» **DATA PROVIDED**
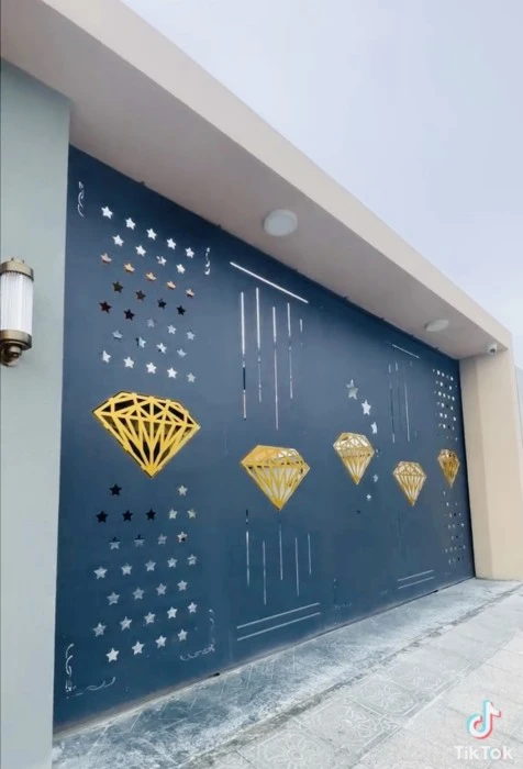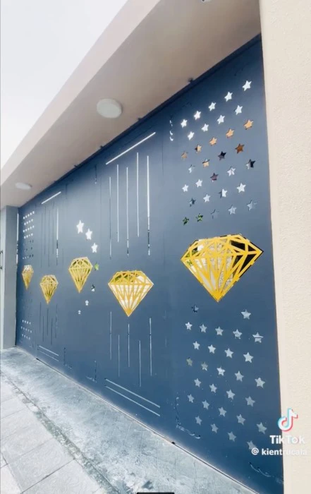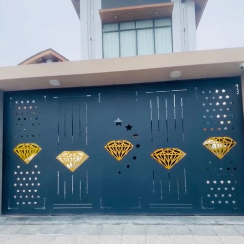 Mẫu cổng sắt CNC KD168 là lựa chọn táo bạo và đầy cá tính cho gia chủ yêu thích phong cách hiện đại, độc đáo. Thiết kế gồm 5 viên kim cương màu vàng ánh kim nổi bật, được cắt CNC tỉ mỉ, tạo hiệu ứng thị giác mạnh mẽ giữa nền sơn đen mờ huyền bí.
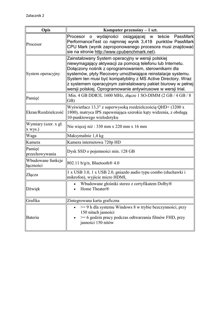 Załacznik 2 Komputer przenośny – 1 szt. Procesor o wydajności osiągającej w teście PassMark PerformanceTest co najmniej wynik 3,418 punktów PassMark Procesor CPU Mark (wynik zaproponowanego procesora musi znajdować sie na stronie http://www.cpubenchmark.net). Zainstalowany System operacyjny w wersji polskiej niewymagający aktywacji za pomocą telefonu lub Internetu. Dołączony nośnik z oprogramowaniem, sterownikami dla System operacyjny systemów, płyty Recovery umożliwiające reinstalacje systemu. System ten musi być kompatybilny z MS Active Directory. Wraz z systemem operacyjnym zainstalowany pakiet biurowy w pełnej wersji polskiej. Oprogramowanie antywirusowe w wersji trial. Min. 4 GB DDR3L 1600 MHz, złącze 1 SO-DIMM (2 GB / 4 GB / 8 Pamięć GB) Wyświetlacz 13,3" z superwysoką rozdzielczością QHD+ (3200 x Ekran/Rozdzielczość 1800), matryca IPS zapewniająca szerokie kąty widzenia, z obsługą 10-punktowego wielodotyku Wymiary (szer. x gł. Nie więcej niż : 330 mm x 220 mm x 16 mm x wys.) Waga Maksymalnie 1,4 kg Kamera Kamera internetowa 720p HD Pamięć Dysk SSD o pojemności min. 128 GB przechowywania Wbudowane funkcje 802.11 b/g/n, Bluetooth® 4.0 łączności 1 x USB 3.0, 1 x USB 2.0, gniazdo audio typu combo (słuchawki i Złącza mikrofon), wyjście micro HDMI, Wbudowane głośniki stereo z certyfikatem Dolby® Home Theater® Dźwięk Opis Grafika Bateria Zintegrowana karta graficzna >= 9 h dla systemu Windows 8 w trybie bezczynności, przy 150 nitach jasności >= 6 godzin pracy podczas odtwarzania filmów FHD, przy jasności 150 nitów
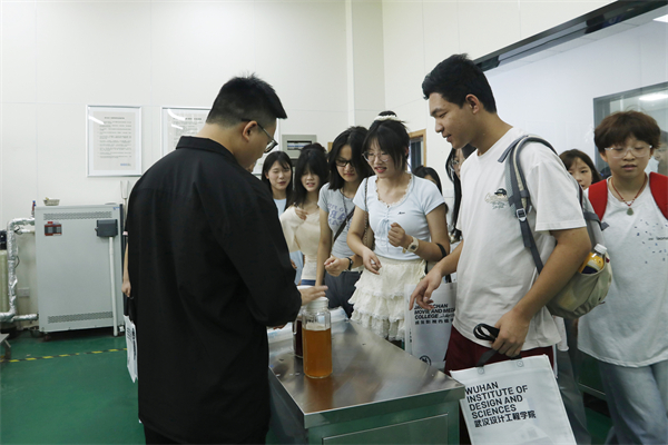 考生们在食品与生物科技学院啤酒生产线观看酿制的啤酒。周佩 摄
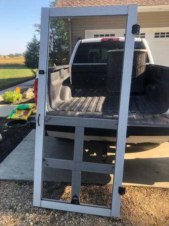 White, PVC screen door. 36” wide by 79 1/2” tall Has all hinges and slide lock. Currently a left hand door (hinges on the right and pull handle on the left) Can be reversed.
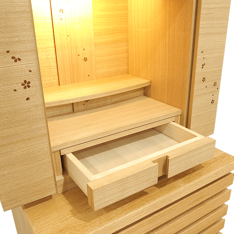 桜のかわいらしいデザインの国産仏壇に収納力抜群な台を組み合わせた2Wayスタイル。ライフスタイルに合わせ、上下別々にする事も可能。将来を見据えて選ばれる方に人気のモダン仏壇です。明るい色合いのスタイルは見る人、祈る人の心を浄化させ祈りの空間を創り出します。
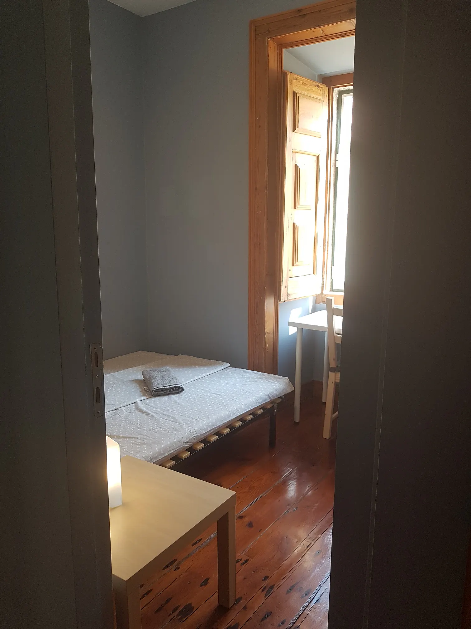 Private small bedroom with single or double bed (available upon request, please inquire prior to booking), Chiado, close to metro Chiado, Convento do Carmo, Lift Santa Justa - a/c, heating, wifi, Large apartment in a small palace, first floor with elevator (to the apartment there are only a few steps), in a residential street, in the heart of Chiado, within walking distance without stairs to the metro station "Baixa-Chiado" with connection to the airport or train stations Rossio ( Train to Sintra) or Cais do Sodre (train to Belem, Estoril and Cascais) and Santa Apolonia (Porto, Evora, Algarve, Madrid) Area to share: kitchen; 1,5 bathrooms Included in the price: WiFi, Kitchen (Microwave, Coffee maker, Toaster, Kettler, Refrigerator, Dishwasher, Dishes and silverware, Cooking basics: Pots and pans, oil, salt and pepper, Stove, NO Oven Weekly included: washing machine, change bedlinen, towels. Heating included between 01.12. - 28.02. Air conditioning available upon request. (Extra fee). Please inquire prior to booking. Rental of bicycles. Please reserve before arrival. Licensed masseur bookable. Massage directly in the apartment or room. Please reserve early. Airport transfer, private city tours, excursions with driver in the area bookable With us the rule applies: Please after use of kitchen or bath a clean and tidy condition again. Or book a cleaning service. Daily or weekly cleaning service available. Please inquire before booking. Moderate smoking is allowed during the day. Free parking for one car or motorbike available on request in a garage near the apartment. Free of charge for stays longer than 3 nights. One night and more parking spaces for 15 euros per night bookable. Deposit for Garage KeyCard: 50 Euro. Please inquire prior to booking Deposit on arrival for keys, final cleaning and damage. Final cleaning is included when the property is returned as the day of arrival. Damage or contamination must be reported immediately and eliminated or paid. Check-in between: 4pm and 1am Check-out between: 6am and 10am Luggage storage on request. Please inquire prior to booking. No visitors allowed – Accepted extra guests/visitors: 20 Euro per day / night Quiet time between 11pm and 8am, Kitchen, Shower available between 7am and 11.30pm, no prelude parties, no parties, no noise, we don't accept drunk or drugs people. Guests who violate our house rules or conditions during their stay, we announce the accommodation agreement without notice. For security and insurance reasons, private electrical appliances and all appliances of the apartment such as light, washing machine, heating, air conditioning, kitchen are to be switched off when leaving the apartment and all doors and windows close. Only one guest can book the accommodation. Bookings from third parties are not permitted. If the other guests do not have the same age and nationality, please specify the age and nationality of all guests before booking. All guests must deposit the copy of a passport or ID card. The maximum number of guests includes children and babies For their safety the entrance and exterior areas of the apartment are monitored by a security service and are alarm-protected All guests must check in and check out at the same time. (Fee for each additional check-in / out or outside regular times : 25 Euro). Early check-in or late check-out is possible upon availability. (Half price per night) At least one adult must speak English, Spanish or German. Otherwise, a check-in is not possible. Only the descriptions and conditions published by us in English are valid....
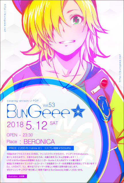 ¥¨¥ì¥¬¥ó¥È¤ÊÊ·°Ïµ¤¤òÅ»¤¦¥¨¥ó¥¿¡¼¥Æ¥¤¥á¥ó¥È¥À¥¤¥Ë¥ó¥°BERONICA ¤½¤ÎBERONICA¤¬°ìÈÕÃæ¥¢¥Ë¥½¥ó¤ÈJ-POP¤ÎÇ®µ¤¤ËÊñ¤Þ¤ì¤ë°ìÌë¡¢BunGeee¡ù º£²ó¤Ï¥«¥ª¥Õ¥¦¥¨¥¹¥È¤«¤éSHIMA¡¢¥¢¥Ë¥³¥¹¥¯¥é¥Ã¥Á¤«¤é¤Î¤ê¡¢¥¢¥Ë¥Ç¥ê¤«¤é¤Ïelucuro¡¢ ²»¥¸¥§¥Í¤«¤é¤ª¤ä¤Ä¡¢¥Í²»¤«¤é¤Ï¤Ò¤í¤ß¡¢Ê¼¸Ë¤Î¼ã¼êDJ¥¿¥à¤¬Åо줷¤Þ¤¹¡ª¡ª LIVE¤Ë¤ÏBunGeee¡ù½éÅоì¤È¤Ê¤ë¥·¥ó¥¬¡¼Ayata¤ÈÂç¿Í¸þ¤±¥¢¥¤¥É¥ë³ª¹¾·É»Ò¡ª º£²ó¤Ï¥²¡¼¥à¥ß¥å¡¼¥¸¥Ã¥¯DJ¥¿¡¼¥ó¤â¤¢¤ê¡ªÁ°²ó¤Ë°ú¤Â³¤¥Û¥¤¥ß¥ó¤Î¥²¡¼¥à¥³¡¼¥Ê¡¼¤â¡ª ¤ª³¨ÉÁ¤¥³¡¼¥Ê¡¼¤ÏLIMITS¥Û¥Ã¥È¥±¡¼¥¥¢¡¼¥È¥Ð¥È¥ë¥Á¥ã¥ó¥Ô¥ª

» **EXERCISE**
Everything above from the line that has "White, PVC screen" down to the line that has "桜のかわいらしいデザインの国" should be output exactly, with both of those lines included. Leave the pictures behind.

» **YOUR RESPONSE**
 White, PVC screen door. 36” wide by 79 1/2” tall Has all hinges and slide lock. Currently a left hand door (hinges on the right and pull handle on the left) Can be reversed.
 桜のかわいらしいデザインの国産仏壇に収納力抜群な台を組み合わせた2Wayスタイル。ライフスタイルに合わせ、上下別々にする事も可能。将来を見据えて選ばれる方に人気のモダン仏壇です。明るい色合いのスタイルは見る人、祈る人の心を浄化させ祈りの空間を創り出します。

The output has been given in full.